Two Australian airlines will finally allow passengers to use their electronic devices during takeoff and landing. No more interrupted television shows, and a lot more inappropriately loud phone calls.
From Tuesday, passengers on Qantas and Virgin Australia flights will be allowed to play on their phone to their heart’s content, after the Civil Aviation Safety Authority approved the use of all electronic devices in flight mode on both airlines. You can also stay on your phone’s cellular network until the door of the plane closes.
The decision follows the lead of the U.S. Federal Aviation Administration (FAA), which gave the go-ahead last year for devices to be used gate-to-gate on flights.
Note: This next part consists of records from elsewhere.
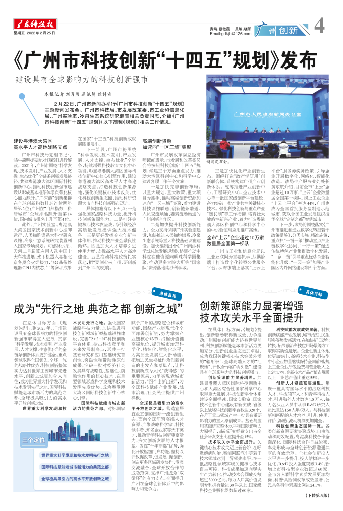 《广州市科技创新“十四五”规划》发布 建设具有全球影响力的科技创新强市
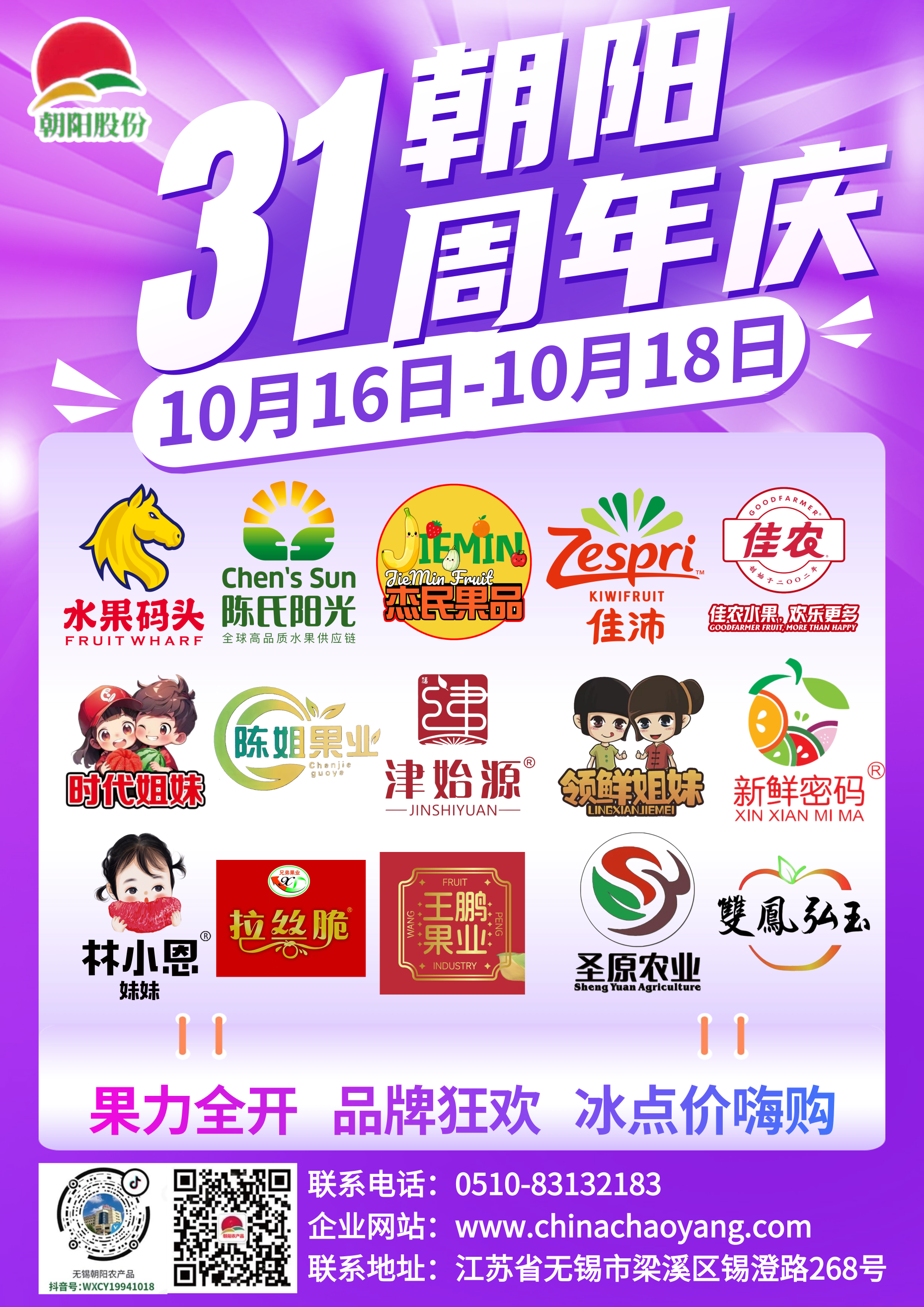 从 1994 到 2025,31 年时光流转,朝阳农产品大市场始终坚守 “让新鲜触手可及” 的初心。如今,我们即将迎来 31 周年庆,一场集结全球尖货、国内名品的品牌专属大促展销盛典,将于 10 月 16日-18 日重磅开启!这不仅是对过往 31 年的致敬,更是联合各大品牌为所有热爱水果的朋友们,打造的一场甜蜜狂欢。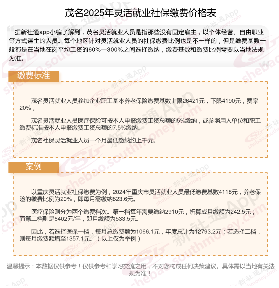 提示:茂名灵活就业人员每个月的缴费压力还是比较大的,每个月的社保费用都是千元,缴费档次越高,灵活就业人员要缴纳的费用也越多。

Both CASA and FAA research into electronic devices on flights came to the conclusion using a device during takeoff and landing does not interfere with the plane’s safety.
Qantas Domestic Chief Executive Officer Lyell Strambi said in a statement Qantas was excited to be one of the first Australian airlines to make the changes.
“We’re delighted to give Qantas customers the freedom and flexibility to use their personal electronic devices from the moment they board the plane until they disembark,” Strambi said.
“Whether customers choose to listen to music, read their e-books or review work documents, the introduction of gate-to-gate electronic access on Qantas flights is an exciting development to an already exceptional inflight entertainment service.”
The company undertook “rigorous testing” to establish whether electronic devices had any impact on the safe operation of a plane.
Virgin and Qantas applied to make the change after the Australia’s Civil Aviation Safety Authority (CASA) updated its guidelines to allow passengers to use devices under one kilogram.
“The bottom line is electro-magnetic interference is not an issue for all the new aircraft,” CASA spokesperson Peter Gibson told ITnews. “It’s only the older ones, and there’s very few of those left in service. The bulk of Australia’s aircraft are relatively new, 10 years or less, so all the aircraft on all the major airlines would have no issues.”
Let’s hope the use of devices is approved on more Aussie airlines in the near future.